Early 1800’s — Georgia
The year is 1814 and it’s a sweltering mid-summer morning. The sun was already burning and there was not a breeze to be had. As usual James is working his fields of cotton and tobacco. Like many of the Cherokee in the area, James Robert Smith acquired a fair amount of the Georgia farm ground and worked it very hard. His ground was surrounded by vast rolling hills covered by mature healthy timberland, a land owner’s dream come true. It also contained one of the nicest streams in the area with plenty of fresh water straight out of the hills.
James, like the majority of the other tribal members wanting to blend in, changed to white man names and ways to incorporate themselves into the established American society. Unlike many of his neighbors though, James was one of the Cherokee chiefs known by the tribe as “Chief Bold Eagle”…an honored chief among the Cherokee Nation. He acquired many acres of land to farm being a chief, as well as a small orange grove. His plantation was well known in the State of Georgia, the last of the original thirteen colonies. It was the envy of many of the Georgians no matter from what nationality they came from.
His farm would have been a handful to manage for James, his son Thomas Allen and daughter Susanne Cosby, had they not had the help of their slaves. Like their white counterparts, most of the Cherokee land owners had slaves to work their fields, and James was no exception…although he had strong feelings against owning another human being. He actually established a reward system for his slaves. This was his way of paying them for their labors and made him feel better about the relationship he had with them. Many of the other slave owners were not happy with his practices, afraid that it might encourage rebellion among their
His wife Martha Jane died shortly after giving birth to their daughter Susanne. She was ill throughout
much of her pregnancy and giving birth weakened her, being more than her then frail body could handle. Susanne struggled for years with her own health as the result of her mother’s illness but gradually was strengthened by forcing herself to complete her duties around the plantation. Even though James never pushed
Susanne for fear she would end up like her mother, he knew it was her strong Cherokee blood that drove her on…her natural will to survive.
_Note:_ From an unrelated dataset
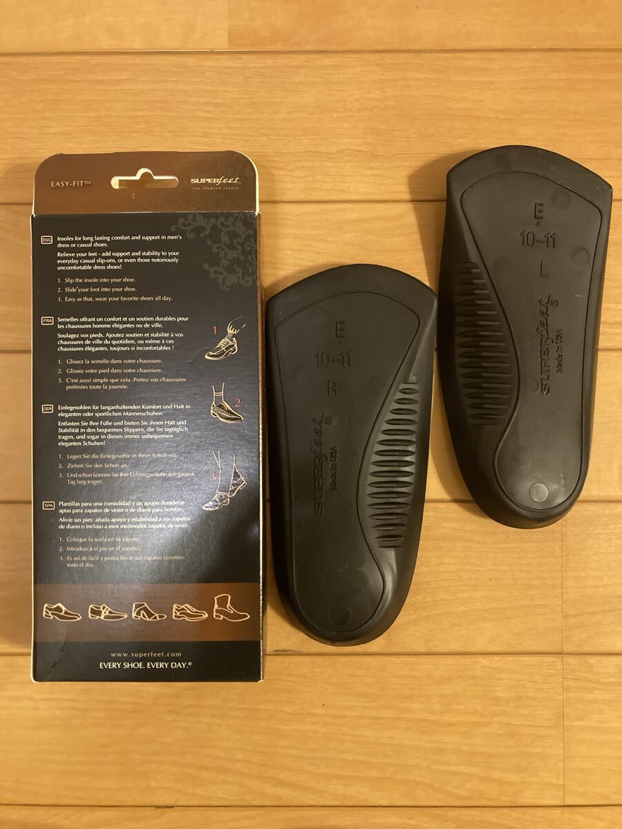 スーパーフィートSUPERfeetのインソールの既製品、ドレスフィット(イージーフィット)シリーズの男性用になります。内容積が小さいシューズ、爪先がタイトなシューズ、またはインソールが交換できないシューズのために開発された商品です。新品未使用品ですが、旧モデルの長期在庫品のためお安く出品いたします。

James was very proud of his two children; he had a son and daughter that any man would cherish. They were both hard workers and even though their father owned the plantation, they worked right along with everyone…and treated everyone fairly and with respect. He had hope and expectations that someday they would have families of their own and give him grandkids. He knew he would love that very much and looked forward to it.
It was during a trip down to the creek that ran through their plantation that her brother found what was to eventually become their demise, as well as the downfall of the rest of the Cherokee Nation…gold! He brought it back to their home to show his father James, although at the time they neither one had any idea what they really had. It wasn’t until early in 1815 when others made similar discoveries that it was made
known that the yellow rock was in fact gold. By the time it was made public, James and his son Thomas had worked the stream and found a sizable amount of the gold nuggets.
Once it became known that gold was found on the Cherokee lands, many of the whites in the area would
sneak in to the private property hoping to find their own fortunes. Of course this continued trespassing soon established strained relations between the Cherokee and the offenders. James tried to seek legal help several times with the ongoing problem but it was soon apparent which side the law was going to favor.
For the next two years, the confrontations between the Cherokee land owners and the trespassers invading their lands only grew. James continued to pursue help through proper channels to deal with this white man invasion, but it was only to clear that this was to be the beginning of many struggles for his people. Late into the fall, just before the onset of winter, the trouble escaladed to near war proportions. Even though there were many confrontations, no one as of yet had been seriously injured…but that was about to change.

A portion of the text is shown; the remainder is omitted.